→ EXERCISE DIRECTIONS: A faithful copy of the data is the goal; set it down exactly, without the images.
──────── RECORDED INFORMATION ────────
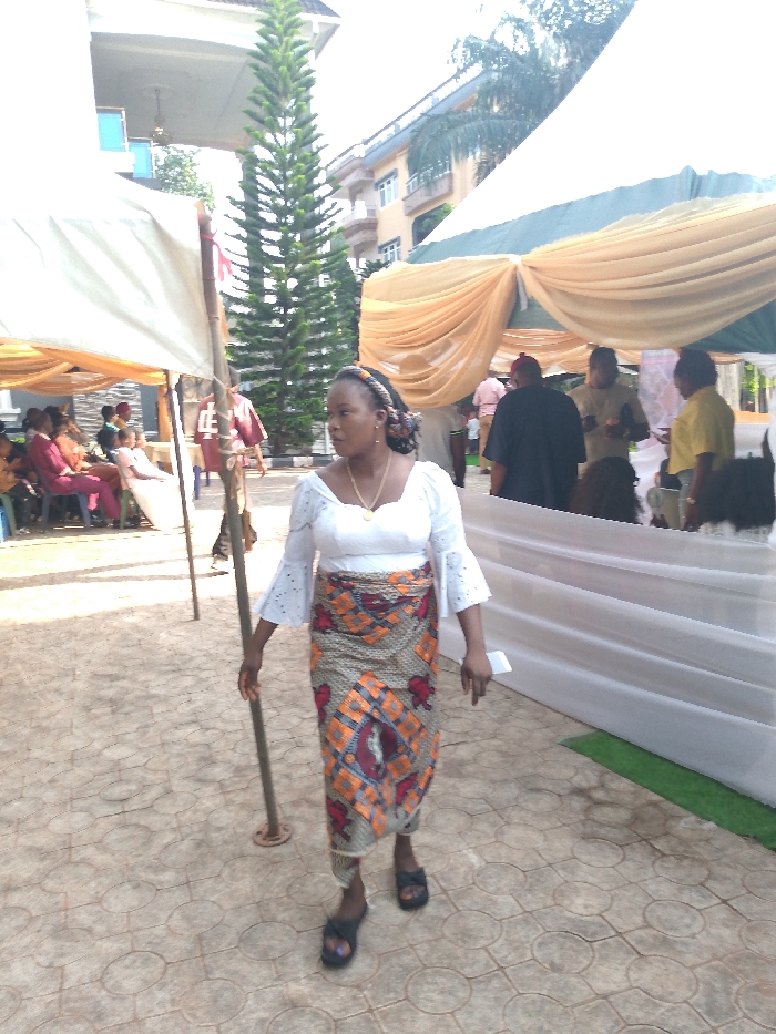A woman with a headscarf wears a white blouse and a patterned sarong-style skirt. She is outdoors on a paved area, near a tent with beige draping. People are seated and standing in the background. A tall evergreen tree stands upright next to a tent pole. The sky is visible with trees.
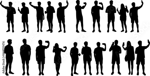 Silhouette group of people selfie different poses silhouette vector set on white background.
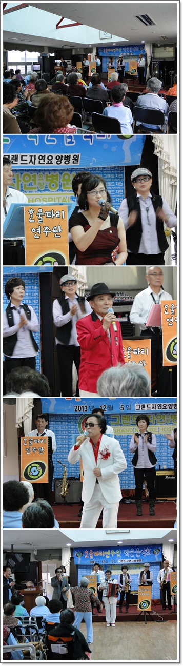 지난 12월 5일 그랜드자연요양병원을 찾은 한울타리 연주단은 가수 최명운의 추억의 소야곡, 청산유수를 시작으로 가수 서용의 빈손, 가수 한송이의 저강은 알고있다 등 흥겨운 옛가요를 비롯하여 색소폰의 합주로 어르신들과 함께 할 수 있는 흥겨운 시간을 마렸했다. 가수 임대윤의 아코디언 연주와 함께하는 추억의 시간은 늘 어르신들의 어깨를 들썩이게 한다.
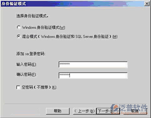 在 【身份驗(yàn)證模式】窗口,請(qǐng)選擇【混合模式..】 選項(xiàng),并設(shè)置管理員【sa】賬號(hào)的密碼。OA/E的數(shù)據(jù)庫連接密碼默認(rèn)為:sa,
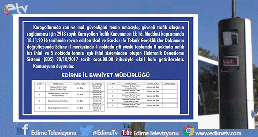 Karayollarında can ve mal güvenliğini temin amacıyla, güvenli trafik akışının sağlanması için 2918 sayılı Karayolları Trafik Kanununun ek 16. Maddesi kapsamında 18.11.2016 tarihinde revize edilen Usul ve Esaslar ile Teknik Gereklilikler Dökümanı doğrultusunda Edirne İl Merkezinde 4 noktada çift yönlü toplamda 8 noktada anlık hız ihlal ve 5 noktada kırmızı ışık ihlal sisteminden oluşan Elektronik Denetleme Sistemi (EDS) 20/10/2017 tarih saat: 08.00 itibariyle aktif hale getirilecektir” deniliyor.
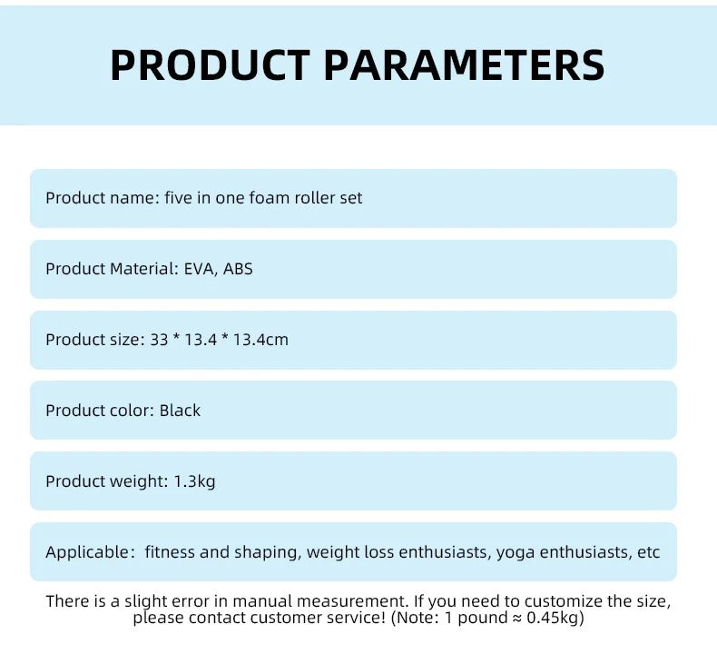 • Muscle Recovery: Relieves muscle stiffness, improves circulation, and reduces soreness after training sessions using the roller, stick, and massage balls.
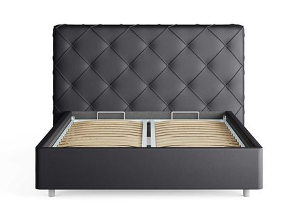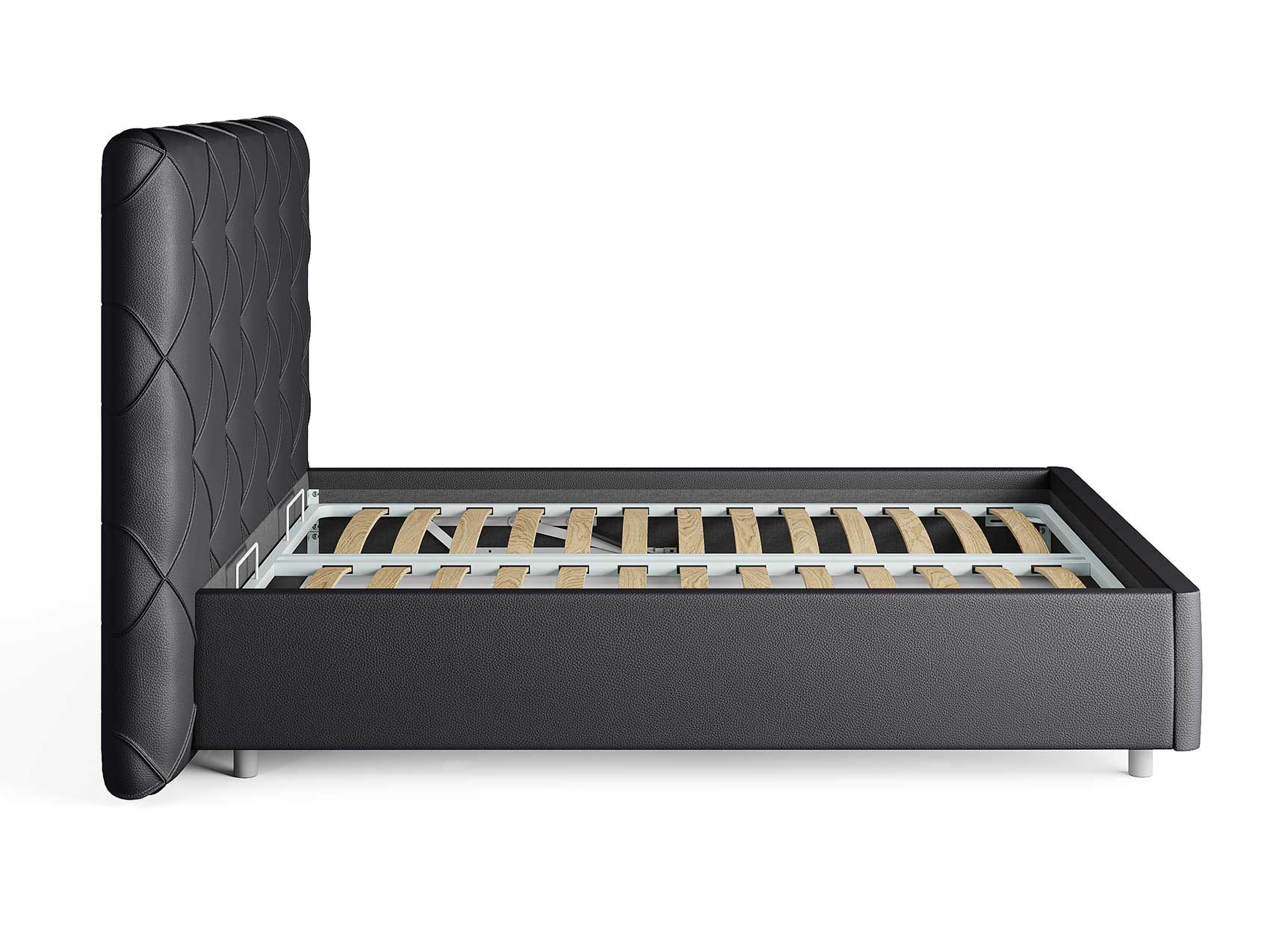 Современная интерьерная кровать. При необходимости, возможно установить подъемный механизм с бельевым ящиком. Ножная царга кровати скругленная по углам, что обеспечивает более элегантный внешний вид.
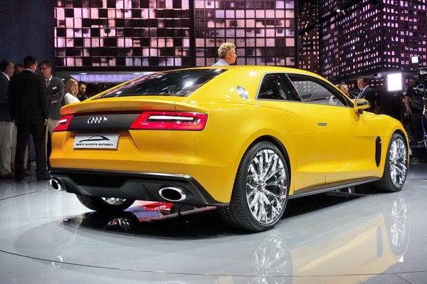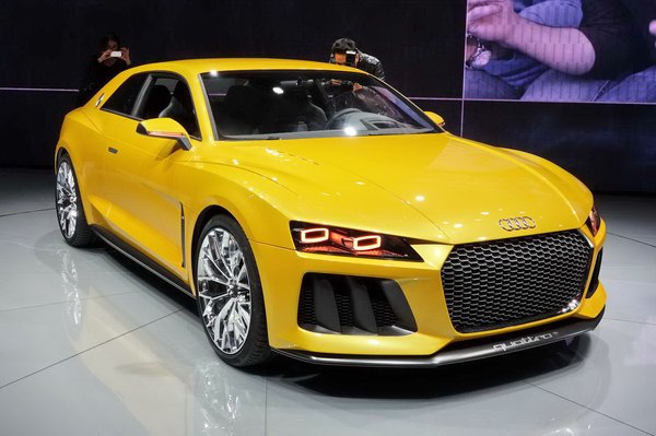 Szóban forgó jármű az Audi Sport Quattro Concept, mint a neve is mutatja, nem szériajármű, de elvileg működőképes. Az eredeti rövid Quattro raliautó szellemét idézik vele, amit épp harminc évvel ezelőtt mutatott be az Audi, itt Frankfurt am Mainban. Nevezett idézési célnak felelnek meg a merész domborítások a kerekek körül, a szögletes ikerfényszórók, a lapított C oszlop, az oldalablakok szögletes vonala, a magas, kocka-orr, a szögletes orr- és lecsapott farrész miatt kissé torzan tömör, de még így is kupészerű arányok.
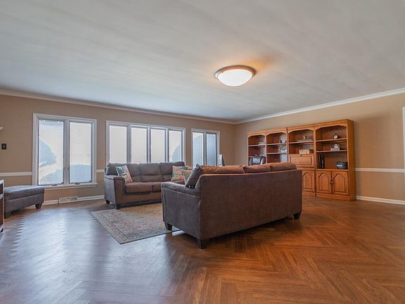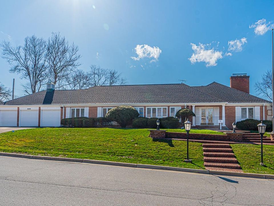 DISTINCTIVE STYLING AND QUALITY ABOUND IN THIS CUSTOM BUILT BRICK RANCH ON OVERSIZED HILLSIDE LOT! Upon entering, you will be impressed by the detail and design that set this home apart from any other. An impressive Great Room combines living and dining and offers marble floors, crown molding detail and fireplace; the Office/Library offers built-in bookcases & cabinets; a main level recreation rm with hardwood set in herringbone pattern; the gourmet Kitchen offers all the I WANTS from granite counter-tops, stainless appliances, large pantry and moveable island; a Sun Room overlooks the landscaped yard & pool. There are four bedrooms: Spacious Master Suite with luxury bath and great closet space; two bedrooms that share a Jack & Jill bath; and a fourth bedroom with its own full bath. Don't miss the large main level Laundry.The huge finished DAYLIGHT basement with wet bar and half bath has space for exercise equipment, game area, workshop, plus lots of storage. Large 3 car garage.
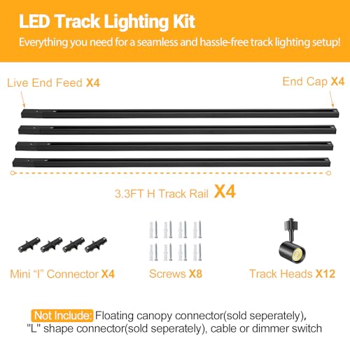 LED Track Lighting Kits: This set of black LED track lighting include 12 track heads, 4X3.3FT h track lighting rails (totaling 13.2FT), 4 mini "I" connectors for connecting within h track rails, live end feeds, end caps, and screws. Please note that the "L" shape connector, floating canopy connector, dimmer, cord, and plug are not included
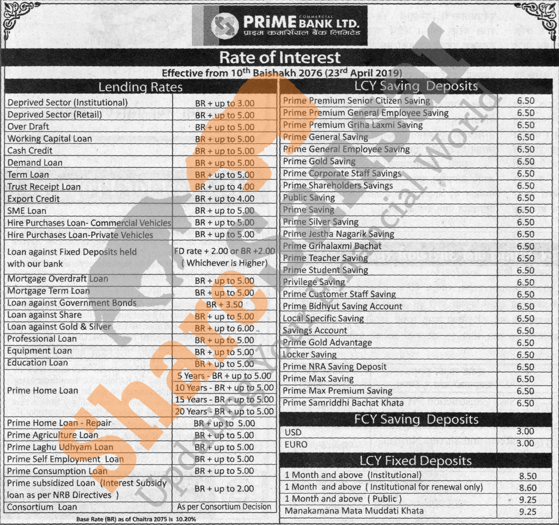 Prime Commercial Bank Limited has published a notice regarding new interest rate and its effective from 10th Baishakh, 2076.
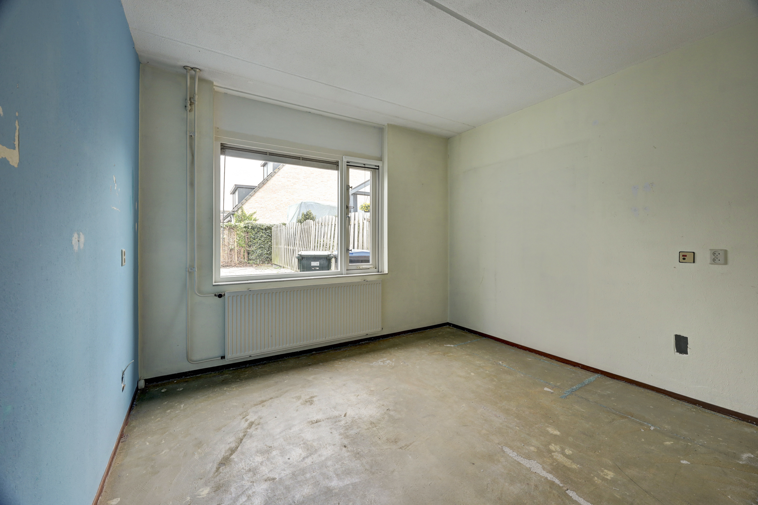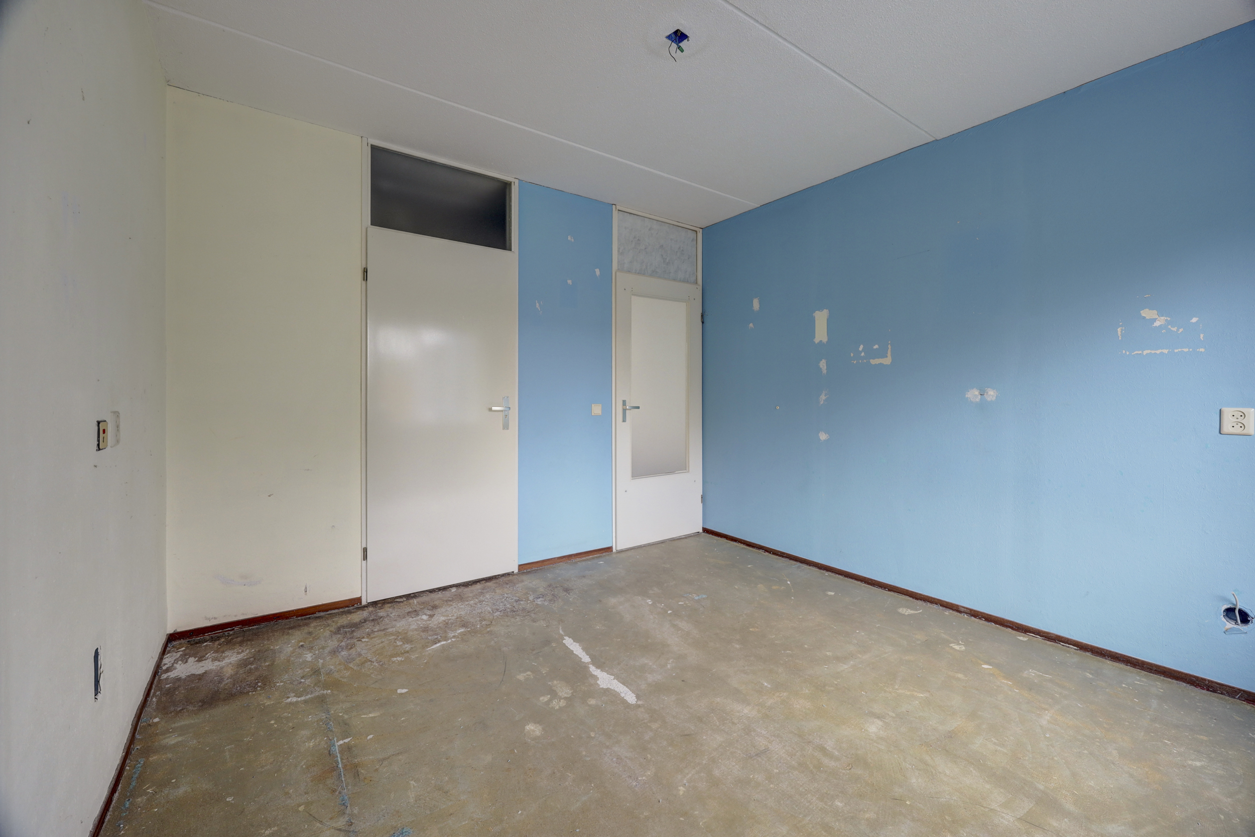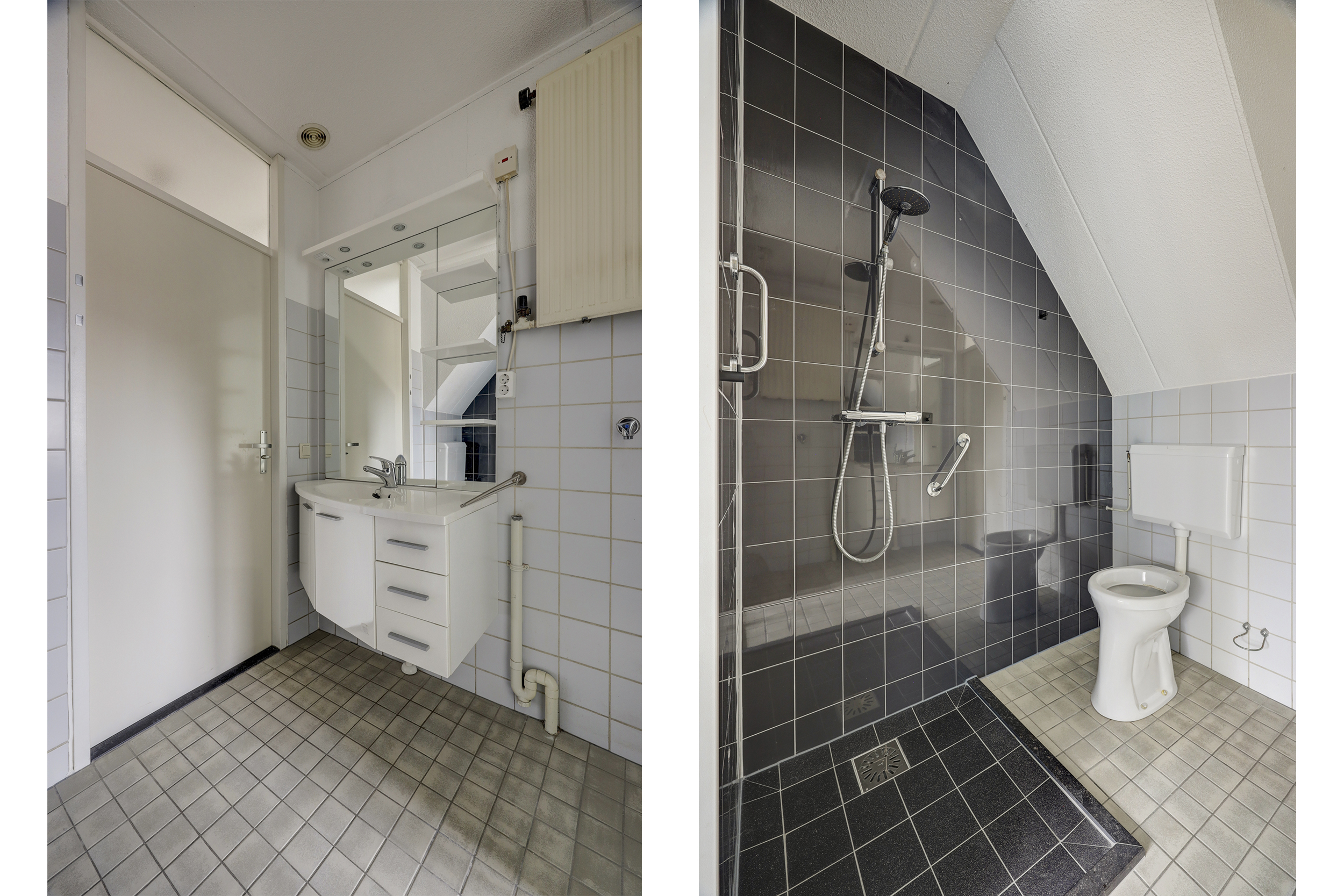 Verder beschikt de begane grond over een slaapkamer met veel natuurlijke lichtinval. Vanuit de slaapkamer bereik je de badkamer, die is voorzien van een staand toilet, douche, wastafel met meubel en de witgoedaansluitingen. Deze badkamer is ook te bereiken via een tweede hal, waar zich tevens de trap naar de eerste verdieping bevindt.
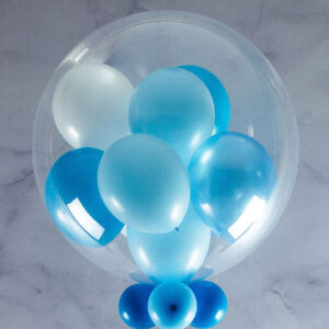 With a light blue colour scheme, this multi fill bubble balloon is a lovely gift to give on Father’s Day. We inflate a 20″ clear balloon and then insert a selection of small balloons inside, in various shades of light blue. On the outside, you can add your own wording or message in a choice of fonts and colours, or you can leave it blank. To finish, we add a collar of smaller balloons, ribbons and a weight. With a float time, on average, of 2 – 4 weeks, this is a lasting gift for any Dad.
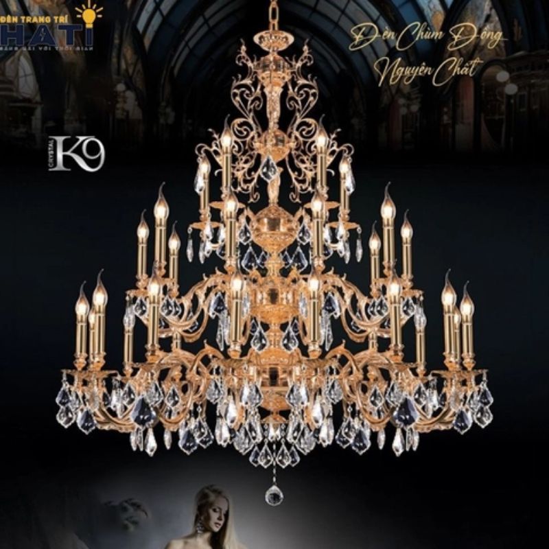 Đèn chùm pha lê đồng nguyên chất Pyrem 31 bóng - Đèn chùm pha lê thông tầng sang trọng
────────
→ EXERCISE RESPONSE:
A woman with a headscarf wears a white blouse and a patterned sarong-style skirt. She is outdoors on a paved area, near a tent with beige draping. People are seated and standing in the background. A tall evergreen tree stands upright next to a tent pole. The sky is visible with trees.
 Silhouette group of people selfie different poses silhouette vector set on white background.
 지난 12월 5일 그랜드자연요양병원을 찾은 한울타리 연주단은 가수 최명운의 추억의 소야곡, 청산유수를 시작으로 가수 서용의 빈손, 가수 한송이의 저강은 알고있다 등 흥겨운 옛가요를 비롯하여 색소폰의 합주로 어르신들과 함께 할 수 있는 흥겨운 시간을 마렸했다. 가수 임대윤의 아코디언 연주와 함께하는 추억의 시간은 늘 어르신들의 어깨를 들썩이게 한다.
 在 【身份驗(yàn)證模式】窗口,請(qǐng)選擇【混合模式..】 選項(xiàng),并設(shè)置管理員【sa】賬號(hào)的密碼。OA/E的數(shù)據(jù)庫連接密碼默認(rèn)為:sa,
 Karayollarında can ve mal güvenliğini temin amacıyla, güvenli trafik akışının sağlanması için 2918 sayılı Karayolları Trafik Kanununun ek 16. Maddesi kapsamında 18.11.2016 tarihinde revize edilen Usul ve Esaslar ile Teknik Gereklilikler Dökümanı doğrultusunda Edirne İl Merkezinde 4 noktada çift yönlü toplamda 8 noktada anlık hız ihlal ve 5 noktada kırmızı ışık ihlal sisteminden oluşan Elektronik Denetleme Sistemi (EDS) 20/10/2017 tarih saat: 08.00 itibariyle aktif hale getirilecektir” deniliyor.
 • Muscle Recovery: Relieves muscle stiffness, improves circulation, and reduces soreness after training sessions using the roller, stick, and massage balls.
 Современная интерьерная кровать. При необходимости, возможно установить подъемный механизм с бельевым ящиком. Ножная царга кровати скругленная по углам, что обеспечивает более элегантный внешний вид.
 Szóban forgó jármű az Audi Sport Quattro Concept, mint a neve is mutatja, nem szériajármű, de elvileg működőképes. Az eredeti rövid Quattro raliautó szellemét idézik vele, amit épp harminc évvel ezelőtt mutatott be az Audi, itt Frankfurt am Mainban. Nevezett idézési célnak felelnek meg a merész domborítások a kerekek körül, a szögletes ikerfényszórók, a lapított C oszlop, az oldalablakok szögletes vonala, a magas, kocka-orr, a szögletes orr- és lecsapott farrész miatt kissé torzan tömör, de még így is kupészerű arányok.
 DISTINCTIVE STYLING AND QUALITY ABOUND IN THIS CUSTOM BUILT BRICK RANCH ON OVERSIZED HILLSIDE LOT! Upon entering, you will be impressed by the detail and design that set this home apart from any other. An impressive Great Room combines living and dining and offers marble floors, crown molding detail and fireplace; the Office/Library offers built-in bookcases & cabinets; a main level recreation rm with hardwood set in herringbone pattern; the gourmet Kitchen offers all the I WANTS from granite counter-tops, stainless appliances, large pantry and moveable island; a Sun Room overlooks the landscaped yard & pool. There are four bedrooms: Spacious Master Suite with luxury bath and great closet space; two bedrooms that share a Jack & Jill bath; and a fourth bedroom with its own full bath. Don't miss the large main level Laundry.The huge finished DAYLIGHT basement with wet bar and half bath has space for exercise equipment, game area, workshop, plus lots of storage. Large 3 car garage.
 LED Track Lighting Kits: This set of black LED track lighting include 12 track heads, 4X3.3FT h track lighting rails (totaling 13.2FT), 4 mini "I" connectors for connecting within h track rails, live end feeds, end caps, and screws. Please note that the "L" shape connector, floating canopy connector, dimmer, cord, and plug are not included
 Prime Commercial Bank Limited has published a notice regarding new interest rate and its effective from 10th Baishakh, 2076.
 Verder beschikt de begane grond over een slaapkamer met veel natuurlijke lichtinval. Vanuit de slaapkamer bereik je de badkamer, die is voorzien van een staand toilet, douche, wastafel met meubel en de witgoedaansluitingen. Deze badkamer is ook te bereiken via een tweede hal, waar zich tevens de trap naar de eerste verdieping bevindt.
 With a light blue colour scheme, this multi fill bubble balloon is a lovely gift to give on Father’s Day. We inflate a 20″ clear balloon and then insert a selection of small balloons inside, in various shades of light blue. On the outside, you can add your own wording or message in a choice of fonts and colours, or you can leave it blank. To finish, we add a collar of smaller balloons, ribbons and a weight. With a float time, on average, of 2 – 4 weeks, this is a lasting gift for any Dad.
 Đèn chùm pha lê đồng nguyên chất Pyrem 31 bóng - Đèn chùm pha lê thông tầng sang trọng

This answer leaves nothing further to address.